## Goal of the exercise
Please return only the lines from the one showing "SOFTWARE SOLUCION PARA" to the end of the entries, keeping both ends and dropping every picture.

[Material for this exercise]

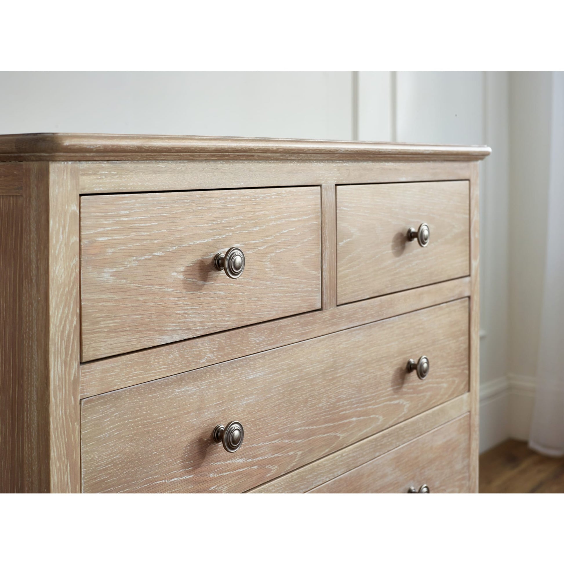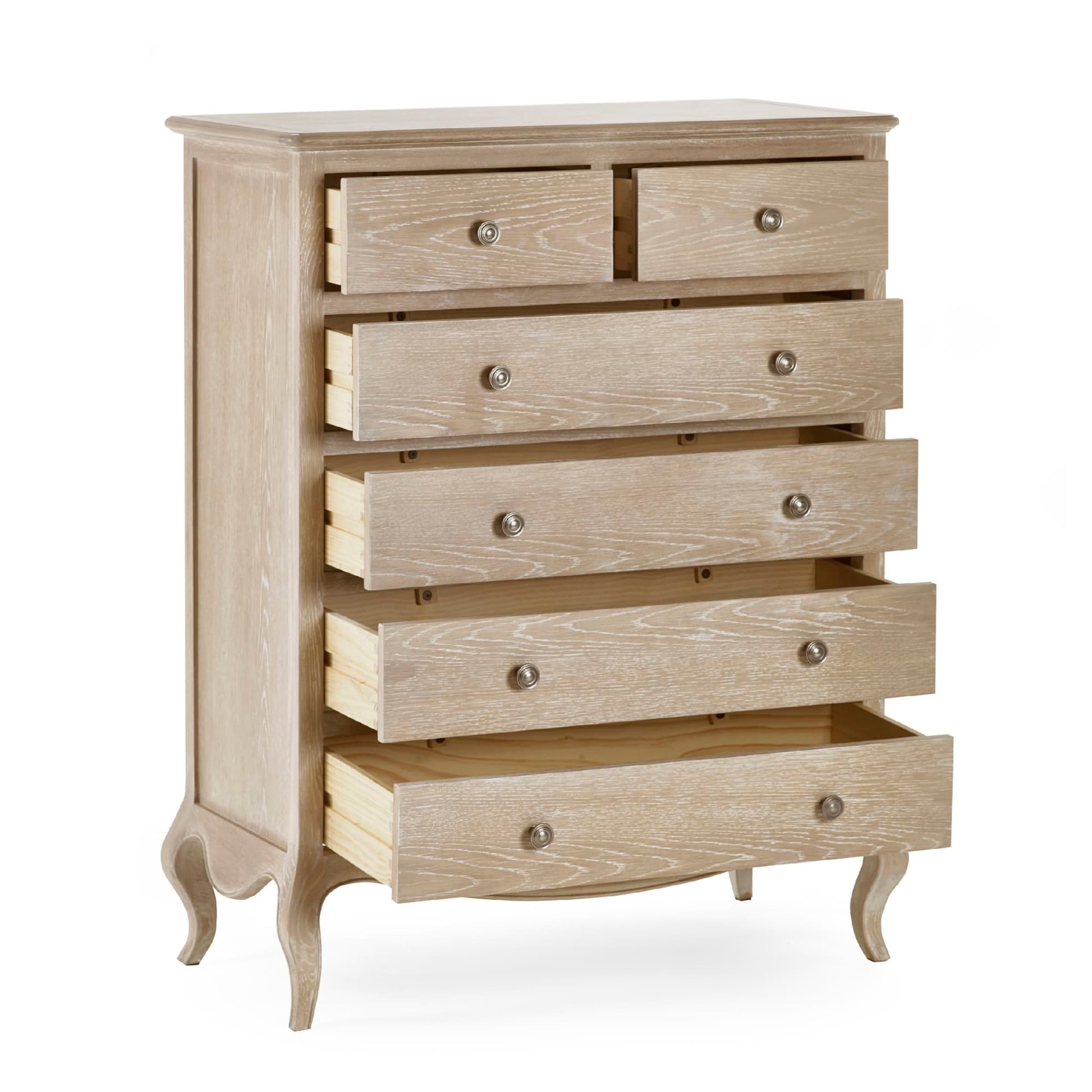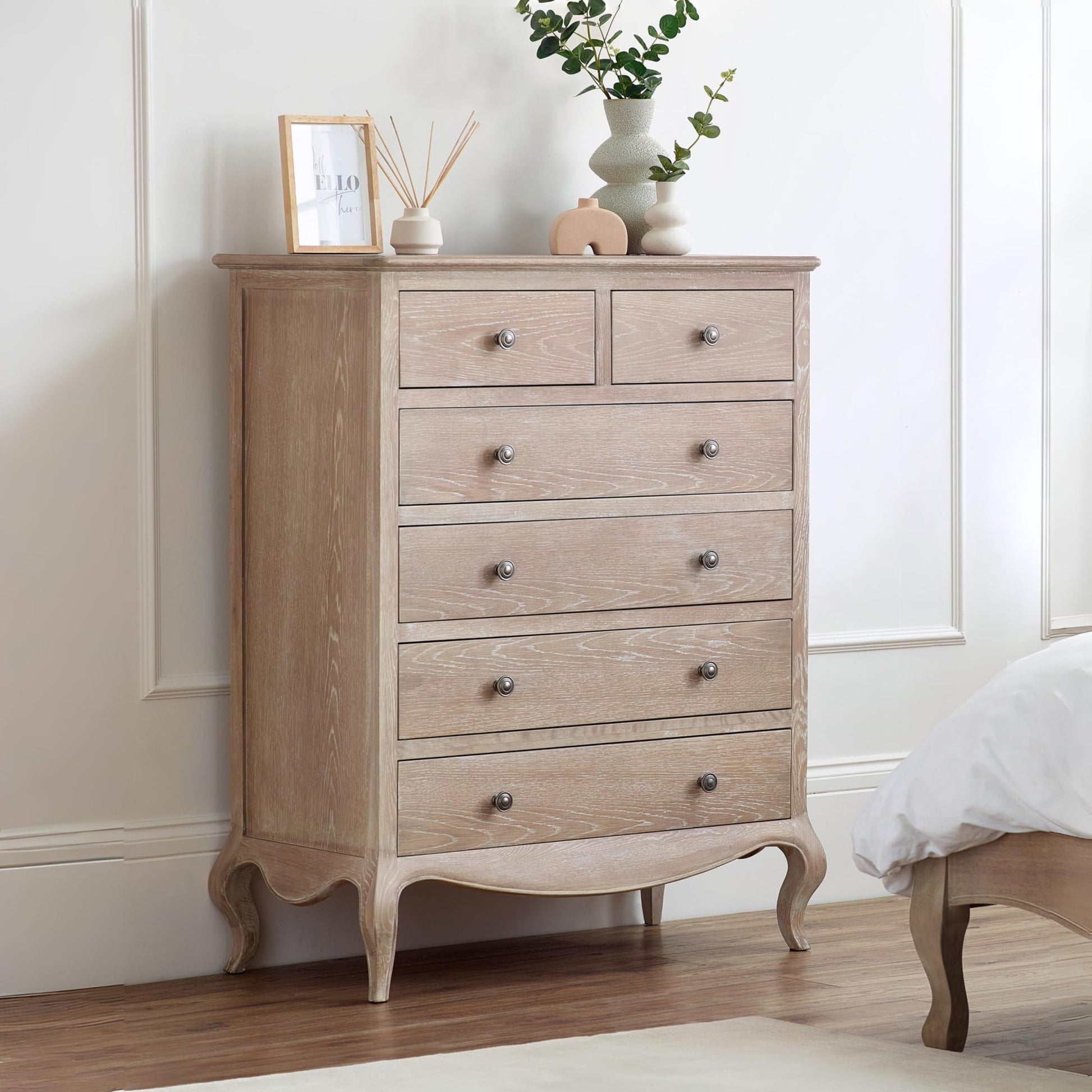 Inspired by French design, the Camille bedroom range boasts beautiful curves and soft lines. Featuring traditional ornate details – this collection exudes elegance, and includes: a 2-drawer bedside, 4+2 chest, 6 drawer wide chest, combination wardrobe and dressing table with stool. Match with the Camille bed to conclude the look immaculately.
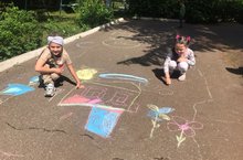 1 июня- день защиты детей. в этот день в нашем ДОУ прошли групповые конкурсы рисунков на асфальте и флеш-мобы в честь наступления долгожданного лета.
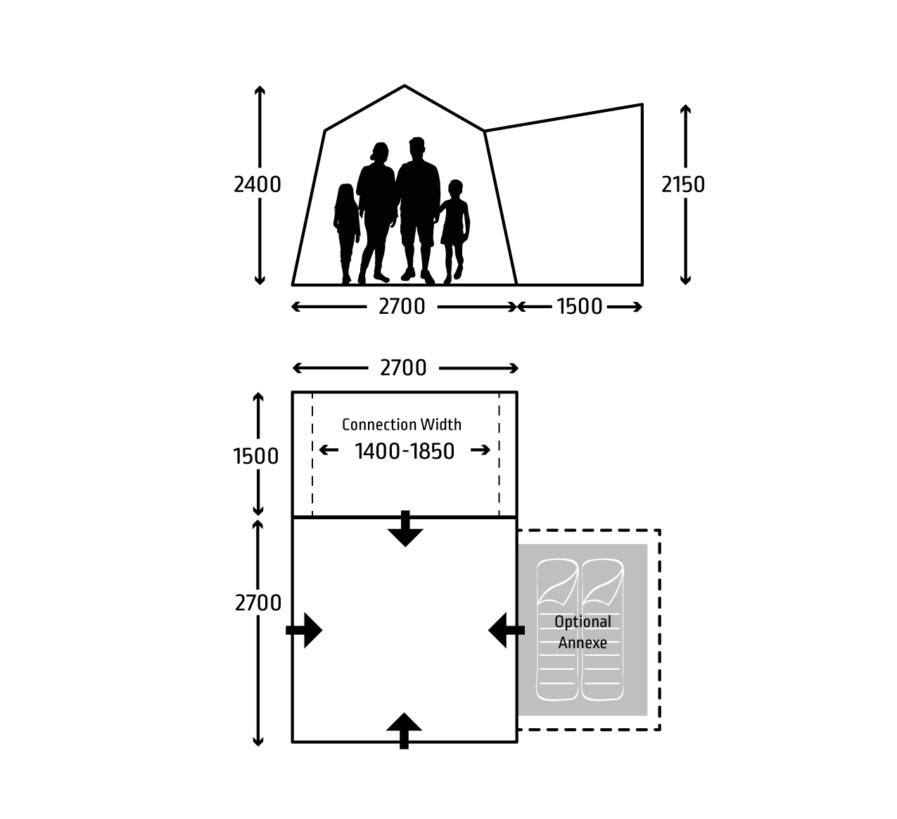 With a 2.7 m width and connection height from 180 to 210 cm, the Kampa Cross Air Tailgater Drive-Away Awning adapts to a variety of campervan sizes. The front canopy adds outdoor shade and shelter, and the clear canopy profile ensures decent light in the living area. Furthermore, the included canopy pole, pegging kit and carry bag make the system complete and ready for the road.
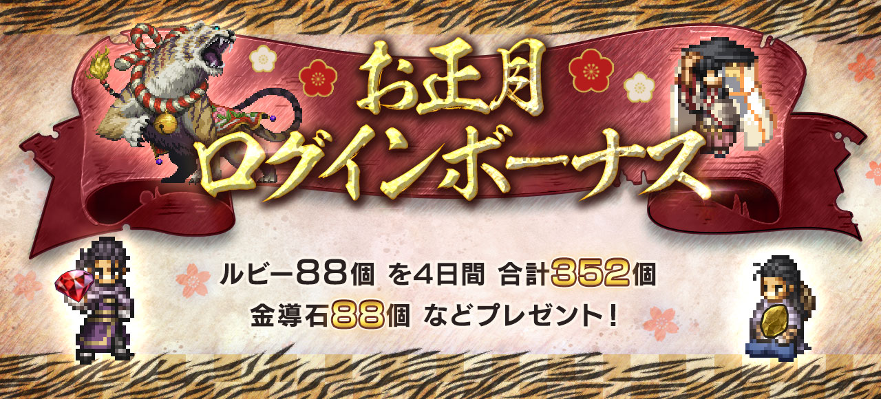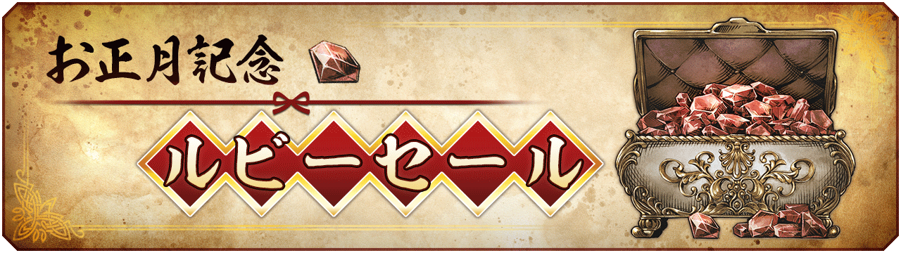 ・「お正月記念 特別ボーナス付ルビー」の詳細につきましては「メニュー」>「ショップ」>「ルビー購入」からご確認ください。
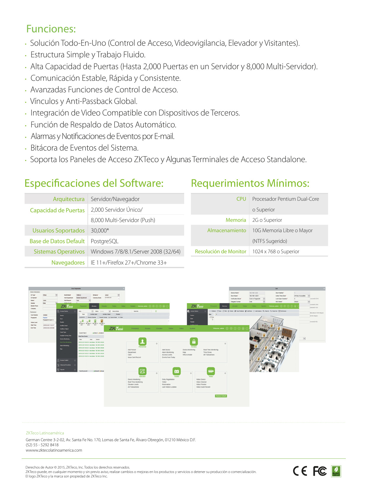 SOFTWARE SOLUCION PARA ASCENSORES MARCA: ZKTECO MODELO:
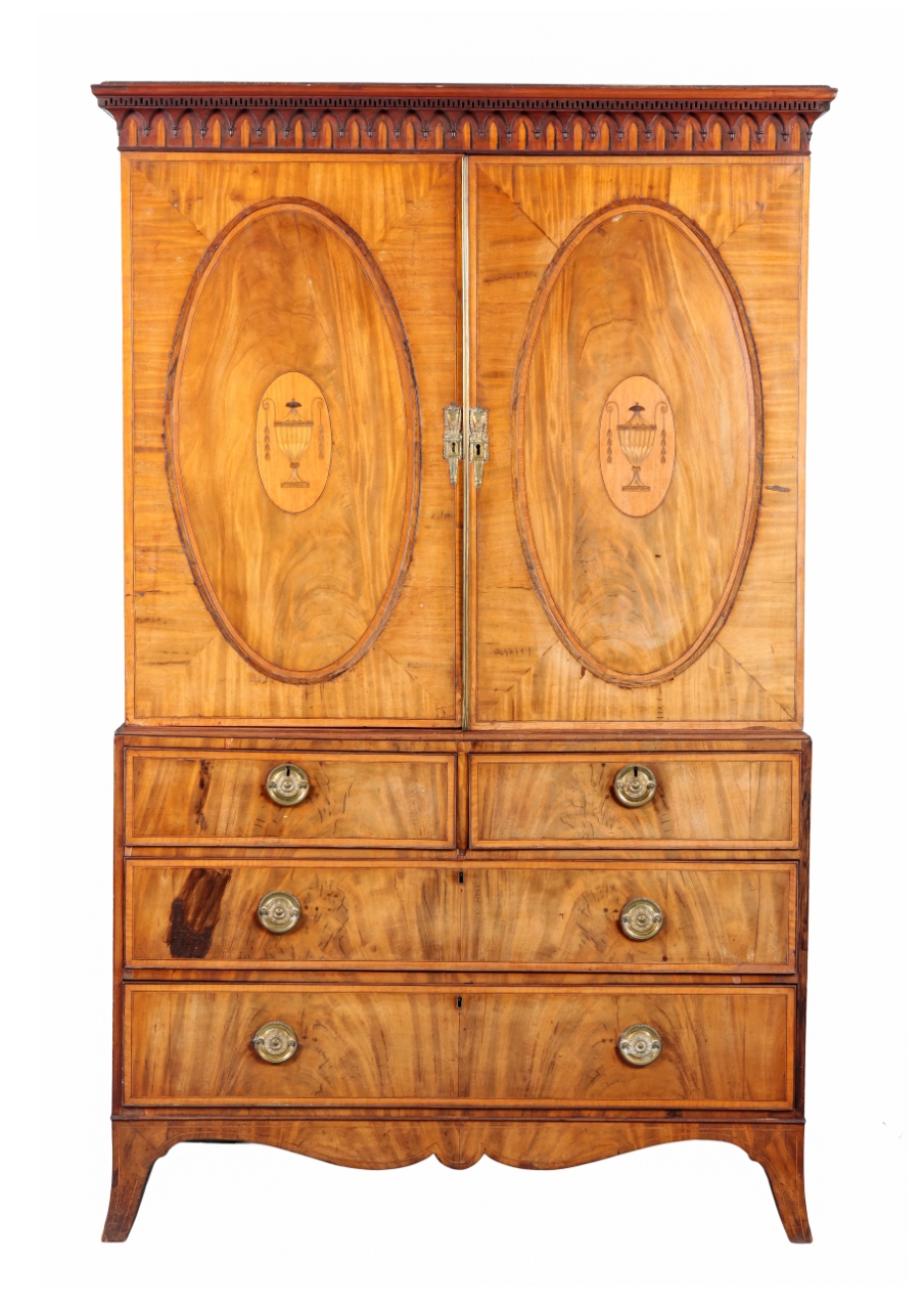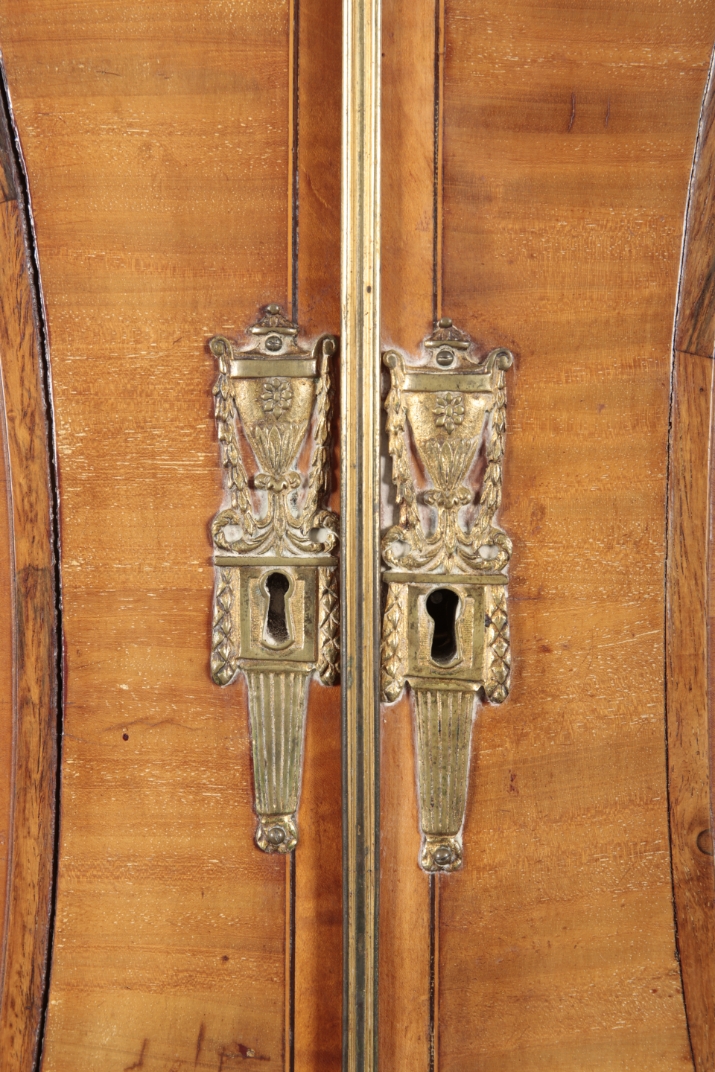 Two large dark marks to the bottom section. Handles replaced. Surface wear and discolouration throughout, as well as some small chips and losses to the veneers. Wear overall consistent with age and use. Structurally ok. An element of moulding from the base detached but present.

[/Material for this exercise]

## Exercise solution
 SOFTWARE SOLUCION PARA ASCENSORES MARCA: ZKTECO MODELO:
 Two large dark marks to the bottom section. Handles replaced. Surface wear and discolouration throughout, as well as some small chips and losses to the veneers. Wear overall consistent with age and use. Structurally ok. An element of moulding from the base detached but present.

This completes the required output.